- [Assigned task]: Your answer should give again, exactly, the lines from the beginning of the entries below through the line containing "Figure 1. Suitable". It must contain no pictures.

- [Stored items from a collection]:
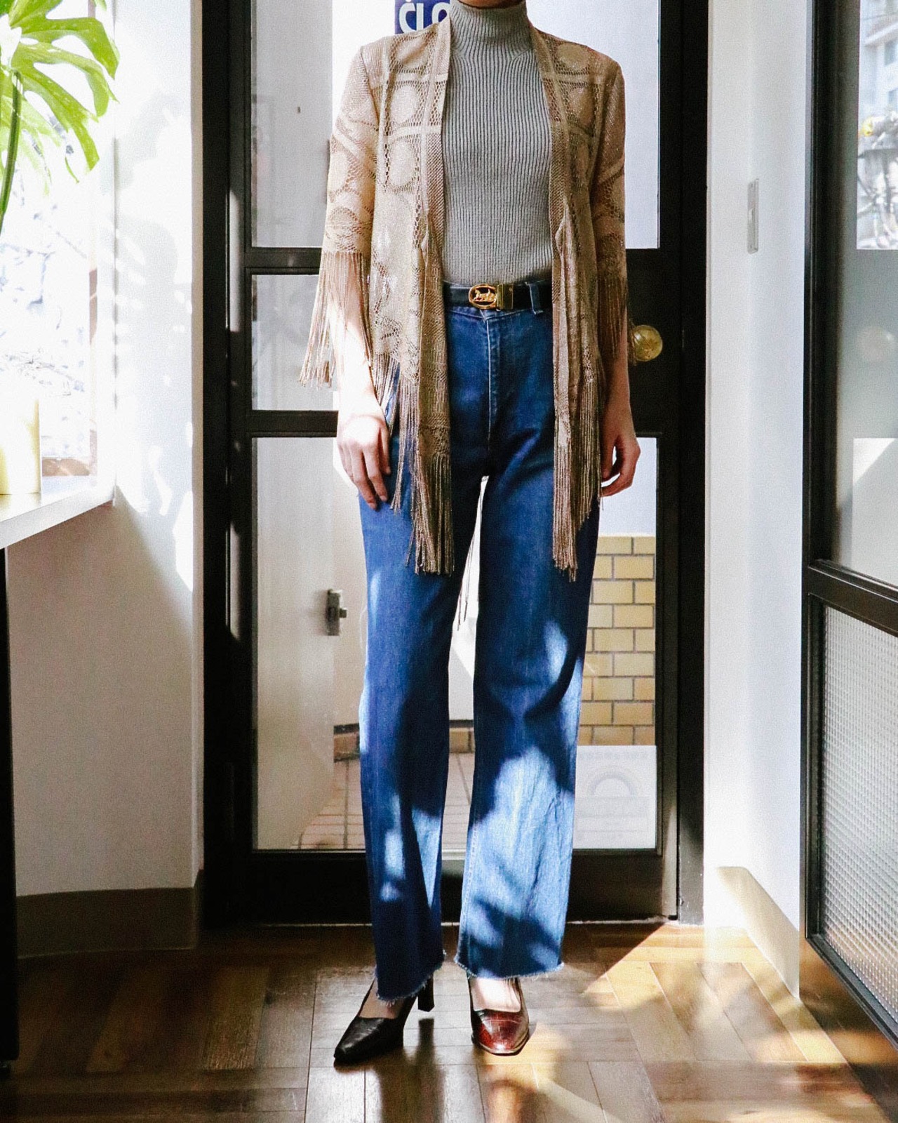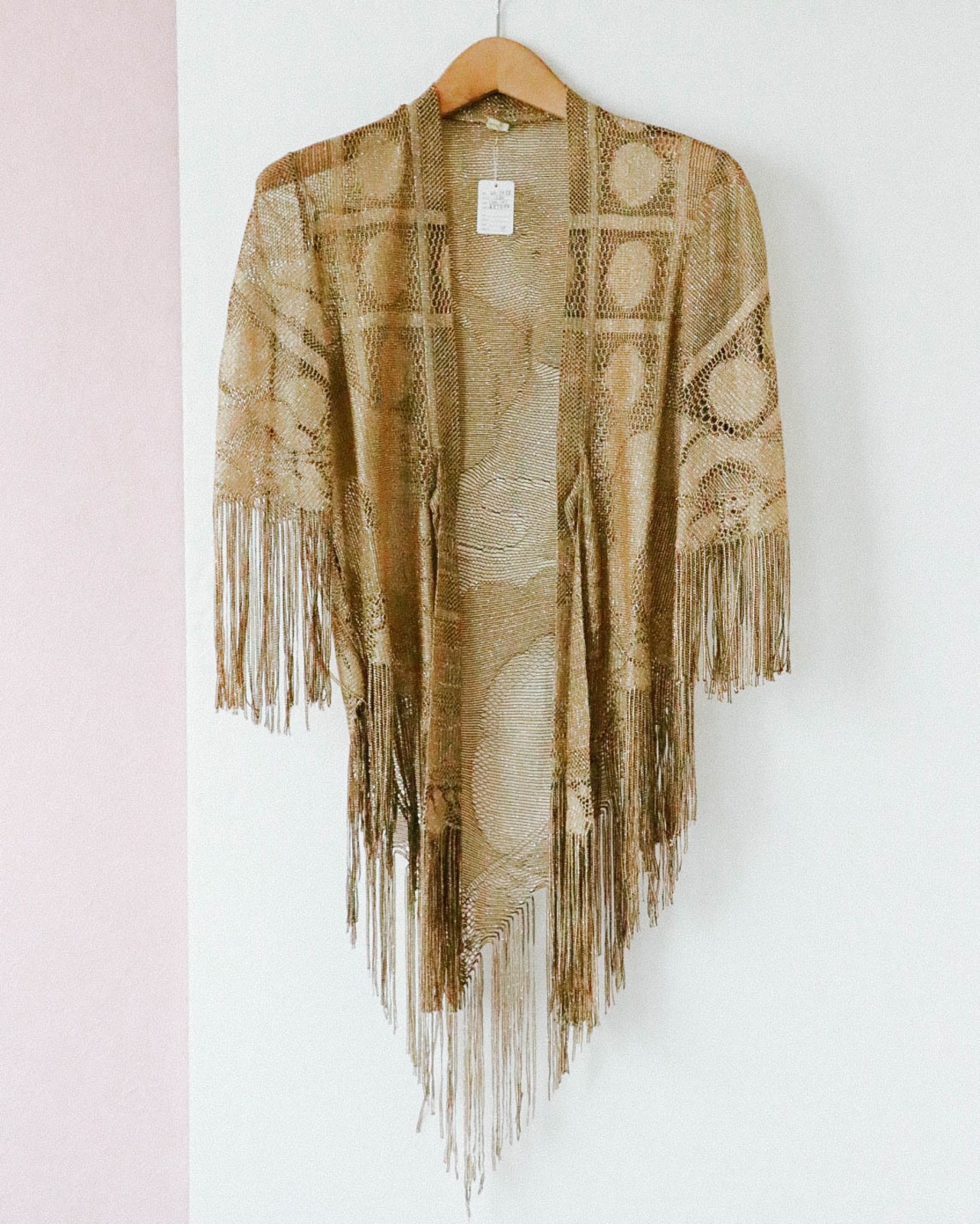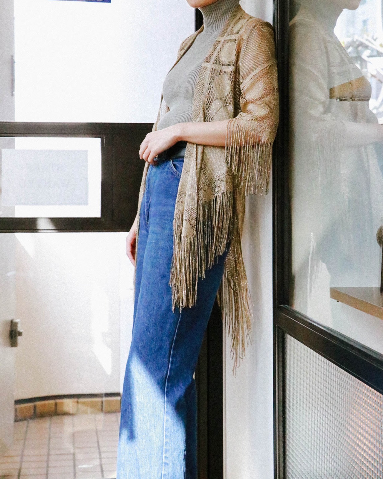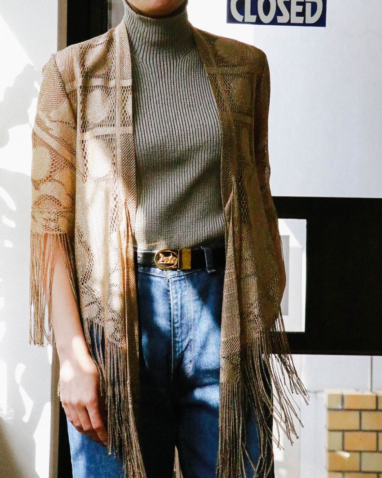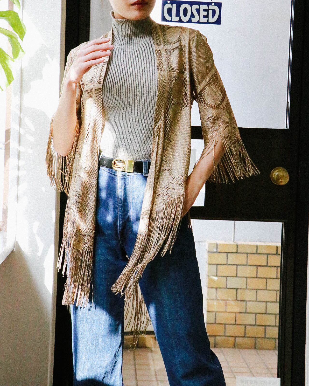 どんなコーディネートにでもムードを盛り上げてくれる70年代のゴールドフリンジ羽織り
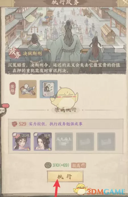 2、打开执行政务页面,在下方点击执行图标,即可前往执行决狱断刑任务,选取合适的僚属。
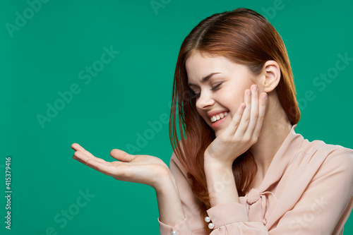 cheerful pretty woman in a pink shirt holds her hand in front of her emotions Green background
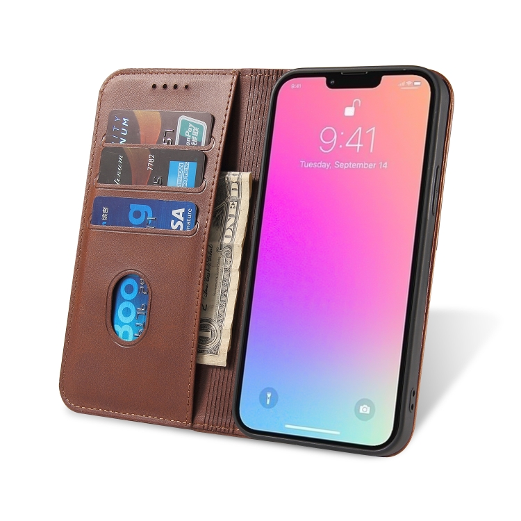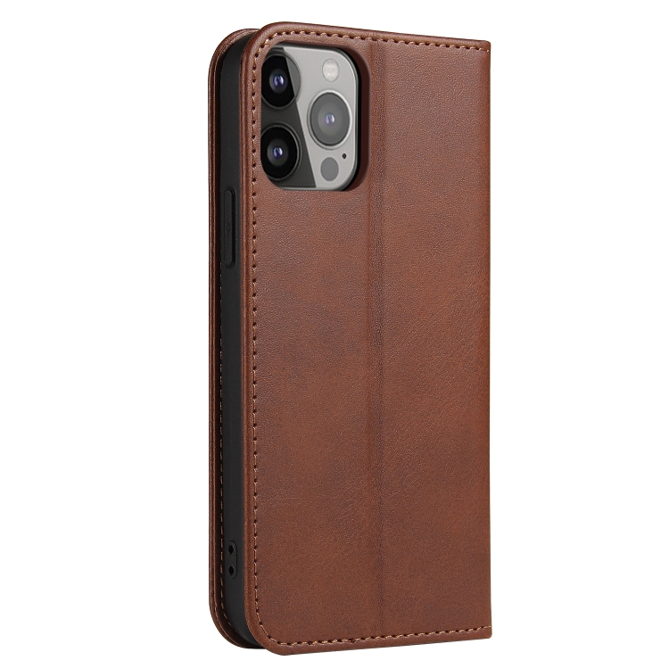 Funda de Cuero iPhone 12 Pro Max Calf Texture Tapa Horizontal Magnética Soporte Ranuras Tarjetas (Marrón)
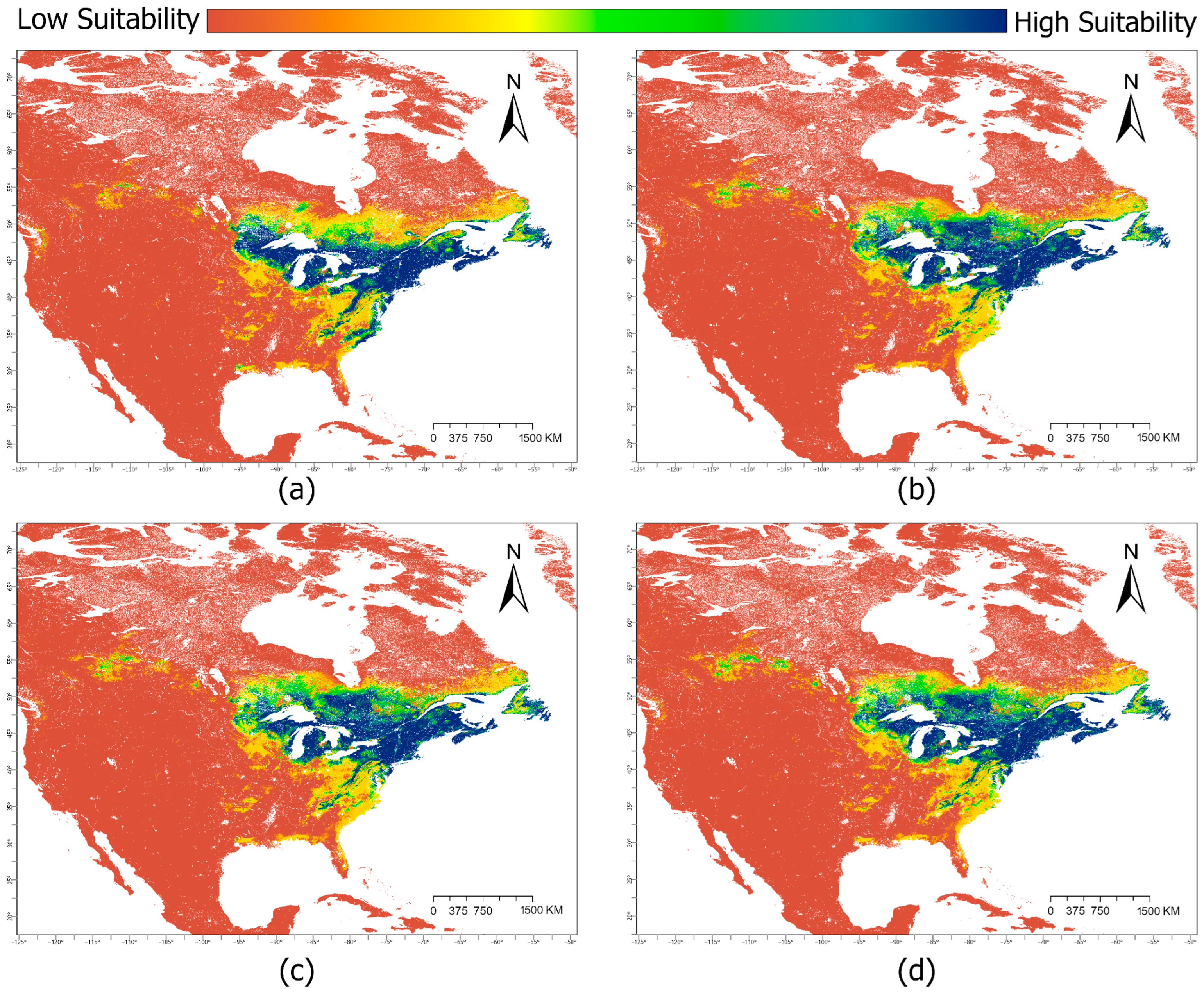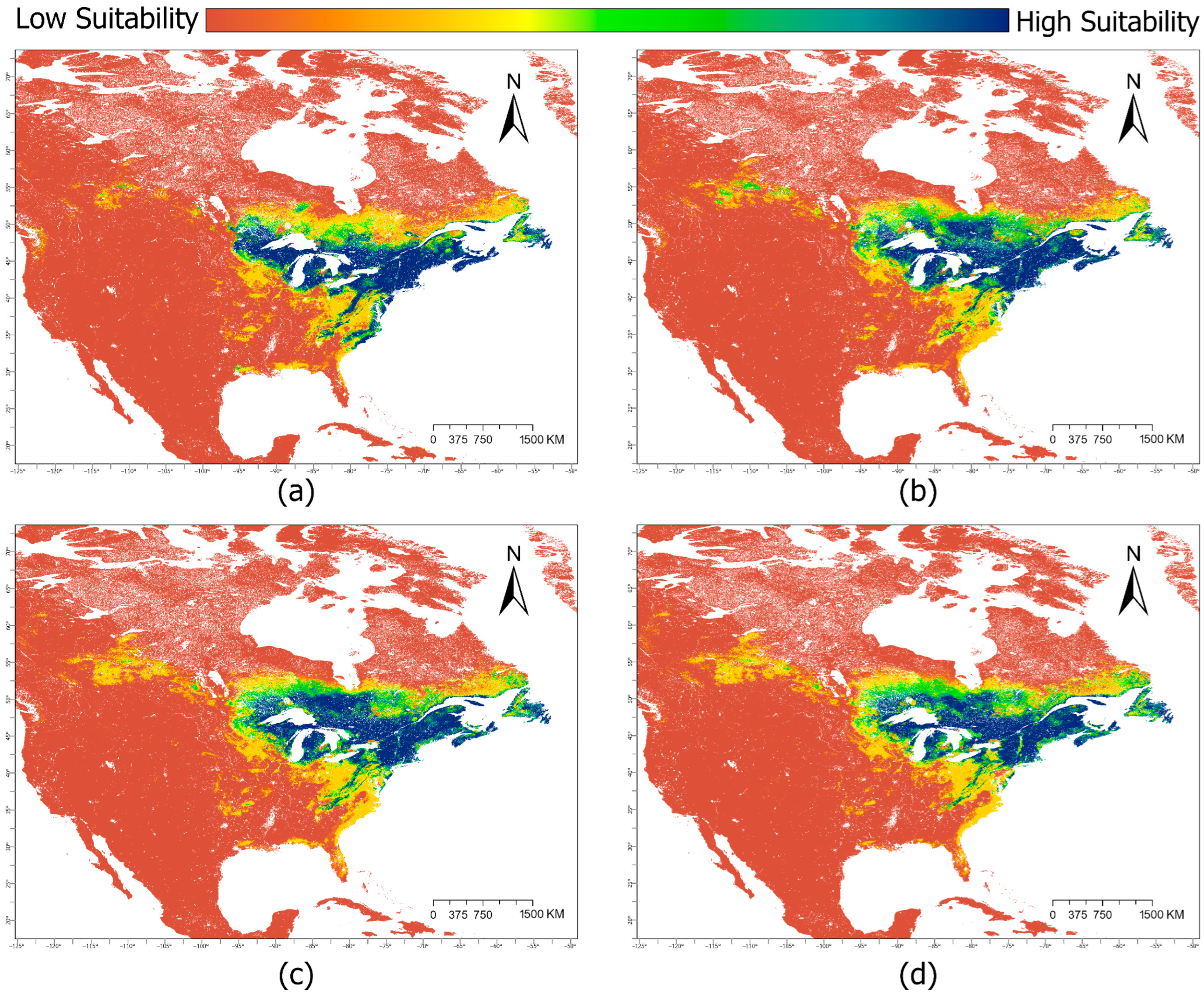 Figure 1. Suitable habitat of Sarracenia purpurea in North America for (a) the baseline climate scenario (climate normal period from 1970 to 2000) and three climate change scenarios projected to the year 2040: (b) Shared Socioeconomic Pathway (SSP) 1–2.6, (c) SSP 3–7.0, (d) SSP 5–8.5. Colors indicate habitat suitability.
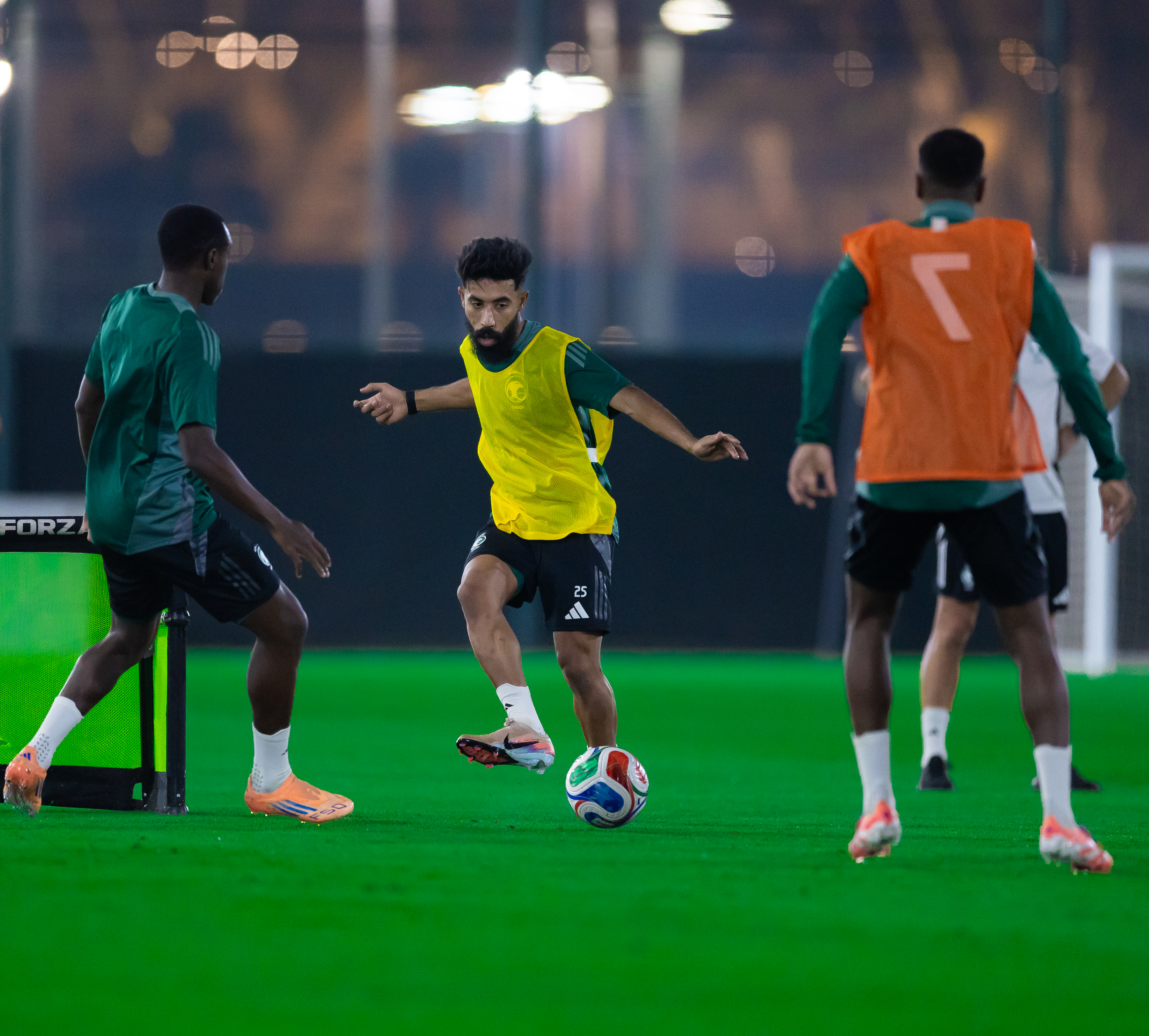 وأجرى لاعبو الأخضر حصتهم التدريبية على الملعب الرديف بمدينة الملك عبدالله الرياضية، تحت إشراف المدير الفني إيرڤي رينارد، حيث بدأت بتمارين الإحماء، تلتها تمارين الاستحواذ، ثم طُبِّقت تمارين تكتيكية متنوعة، قبل أن تُجرى مناورة على كامل مساحة الملعب.

- [Answer space]:
 どんなコーディネートにでもムードを盛り上げてくれる70年代のゴールドフリンジ羽織り
 2、打开执行政务页面,在下方点击执行图标,即可前往执行决狱断刑任务,选取合适的僚属。
 cheerful pretty woman in a pink shirt holds her hand in front of her emotions Green background
 Funda de Cuero iPhone 12 Pro Max Calf Texture Tapa Horizontal Magnética Soporte Ranuras Tarjetas (Marrón)
 Figure 1. Suitable habitat of Sarracenia purpurea in North America for (a) the baseline climate scenario (climate normal period from 1970 to 2000) and three climate change scenarios projected to the year 2040: (b) Shared Socioeconomic Pathway (SSP) 1–2.6, (c) SSP 3–7.0, (d) SSP 5–8.5. Colors indicate habitat suitability.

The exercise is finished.